Watching Jarman’s films and reading Wittgenstein instigated a desire to make work that contains more of “everything that is the case,” a desire that I suspect gave shape to my later ambitions and restlessness as a maker. When I look back on my seven books so far I see a dilation outward from the post-confessional “I” of my earliest work toward an “I” that is more overtly situated in context, an “I” caught in the confluence of, as you write, the “personal, historical, philosophical, ecological, literary, and [the] sociopolitical.” It’s worth noting that, later in the Tractatus, Wittgenstein also states that “Ethics and aesthetics are one.” That’s a claim that continues to inspire and challenge me as an unapologetic art fag who’s also a critical citizen of a violent empire.

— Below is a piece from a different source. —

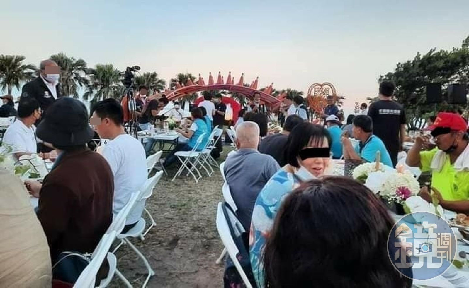 台東「南迴藝術季」開幕活動,近百人餐敘畫面引來網友批評。(翻攝自「就是礙台東」臉書社團)發布時間:2021.08.18 09:55 臺北時間

NB: Long poems—which you, notably, steward—are often contest contenders. I would need both our hands to count the poets I know currently wrestling with a sonnet crown or lyric sequence! Do you notice any distinct essential capacities in the long poem that could help buoy its early makers across its expanse?

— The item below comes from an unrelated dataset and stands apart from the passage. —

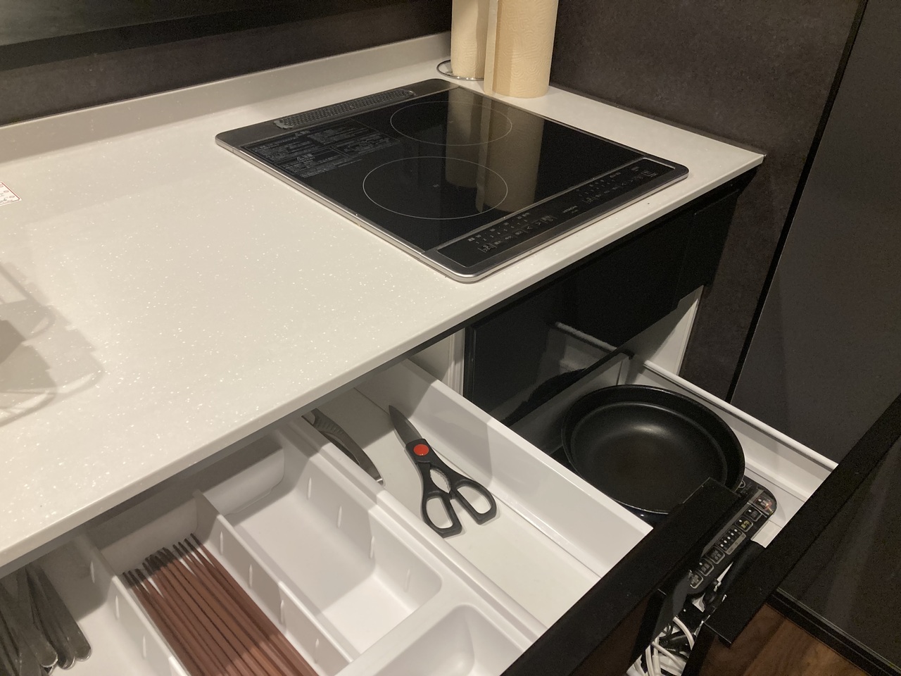 キッチンには大きな冷蔵庫と8人分の食器&調理器具が備わっています。

BT: I’m a big fan of sequences and serial poems, and have written my fair share of both, though more than sequences or series I love truly long poems. As both writer and reader, I’m most invested when a sense of aesthetic adventure animates the poem’s unfolding, articulated by and preserved in the leaps or turns in its form. The best work runs on some kind of formal engine that fuels forward motion and perpetuates the kinesis at work in poiesis, yet doesn’t dictate telos or drive progress in expected ways. In fact, following the late, great Fanny Howe, I’d argue that any sequence, series, or long poem should be animated by some form of “bewilderment,” which Howe describes in her seminal essay as “the heave, thrill, and murmur of the nomadic heart.” I wouldn’t write knowing where a sequence, series, or long poem is going to end up, and I don’t want to read feeling the poet already knows where their sequence, series, or long poem is heading. In fact, Howe argues for bewilderment as “a method of searching for something that can’t be found,” and I’m happiest as a reader when I feel like I’m discovering the poem alongside the poet as they risk inclusion and digression! I’m thinking of Tommy Pico’s IRL, Robin Coste Lewis’s “Voyage of the Sable Venus,” Robyn Schiff’s Information Desk, Layli Long Soldier’s “Whereas,” Phoebe Giannisi’s Chimera (translated by Brian Sneeden), or any of Arthur Sze’s remarkable sequences, among many other recent excitements.